Quando caminhamos deixamos pegadas, mesmo que invisíveis, que contam que passamos por ali, conhecemos pessoas, trocamos, emocionamos, impactamos. Deixamos rastros que podem ser seguidos, compartilhando caminhos, mesmo que em outro tempo e espaço. Seguimos adiante, por um caminho ainda não definido, acreditando na nossa intuição, no nosso coração, nos nossos sonhos. Nosso caminho pode ser em linha reta ou orgânica, pode subir e descer, pode girar livremente ao sabor do vento, mas ele sempre será guiado por fios que o conecta ao nosso propósito.

Podemos caminhar sós, mas com certeza encontraremos vida a cada passo da do, que pode ou não se juntar a nós para caminhar ao nosso lado por um tempo ou todo ele, ou vir algum tempo depois inspirados pelas pegadas que deixamos para trás.

A obra Caminho: meu, seu, nosso nasce após minha reflexão sobre os passos que dei até aqui e os que ainda darei. Passos que trazem minha história de vida, a de meus ancestrais e das vidas que encontrei pelo caminho. Passos que passaram pela aldeia Kaupüna, no Xingu, onde conheci o povo Mehinaku e tempos depois aprendi com as mulheres a técnica tradicional de tecelagem das esteiras de buriti.
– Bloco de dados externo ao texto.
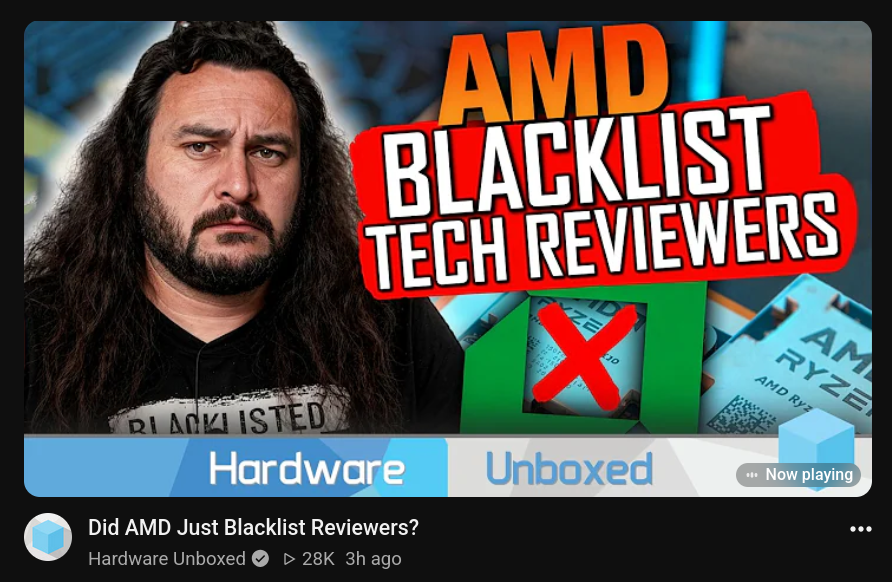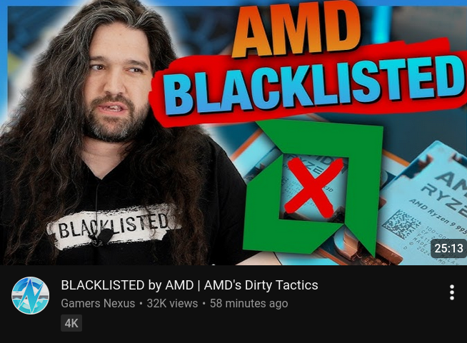 >>108652570Looks like Hardware Unboxed will be joining the blacklist pool after violating AMD's review sample agreement, because that chip wasn't supposed to go to Gamers Nexus.
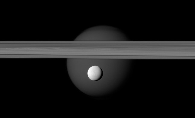 Enceladus is stuck in a gravitational tug of war between Saturn and another moon,Dione (Picture: Getty Images/Science Photo Libra)

Passos que depois adentraram a aldeia Barra Velha, na Bahia, onde convivi com o povo Pataxó e entendi ainda mais profundamente a importância da minha passagem por aqui.

Na obra o jacaré caminha, ele se esforça em uma subida praticamente vertical, deixa suas pegadas marcadas antes de seguir adiante num voo de liberdade. Traz consigo sua história, a história do seu bioma, dos animais e dos povos que compartilham com ele da mãe Terra.

 

Nesta obra estão presentes tradição e contemporaneidade. A tradição no tecer da esteira e do roda-vento e no desenho do jacaré, tão presente na realidade diária do povo Mehinaku. A contemporaneidade nos cilindros de cabreúva que substituem os talos de buriti e na mensagem que o jacaré leva e espalha ao vento, tentando alcançar o mais longe possível.

Por meio de aulas em vídeo captadas e enviadas via WhatsApp pelo Stive Mehinako, eu aprendi com as mulheres da aldeia Kaupüna como se tece uma esteira tradicional, com talos de buriti, sentada no chão com movimentos rápidos de vai e vem, que levam fios de algodão coloridos, criam grafismos e transbordam vida.

Foi no início de 2020, quando a pandemia me impediu de voltar para a aldeia. Eu não pude estar com elas lado a lado nesse aprendizado, mas sempre sinto seu calor e afeto guiando minhas mãos e minha alma quando teço suas histórias e a minha, entrelaçadas, com cilindros de cabreúva maciça. As aulas foram remuneradas, respeitando e valorizando seus saberes e tradições. O dinheiro recebido ajudou-as a enfrentar as dificuldades quando elas decidiram em conjunto, como é parte da tradição, utilizá-lo para comprar alimentos para poderem permanecer em segurança dentro da aldeia naquele momento de incertezas.

Esta peça, assim como o Bufê Abrigo, lançado em 2021, é minha maneira de homenagear o povo Mehinaku que me recebeu e acolheu, que compartilhou comigo saberes e histórias ancestrais e me ensinou a ver o mundo através do seu olhar.

Meu eterno agradecimento a todas as mulheres da aldeia Kaupüna, ao Stive Mehinako, à Maibe Maroccolo, ao David e ao Guto.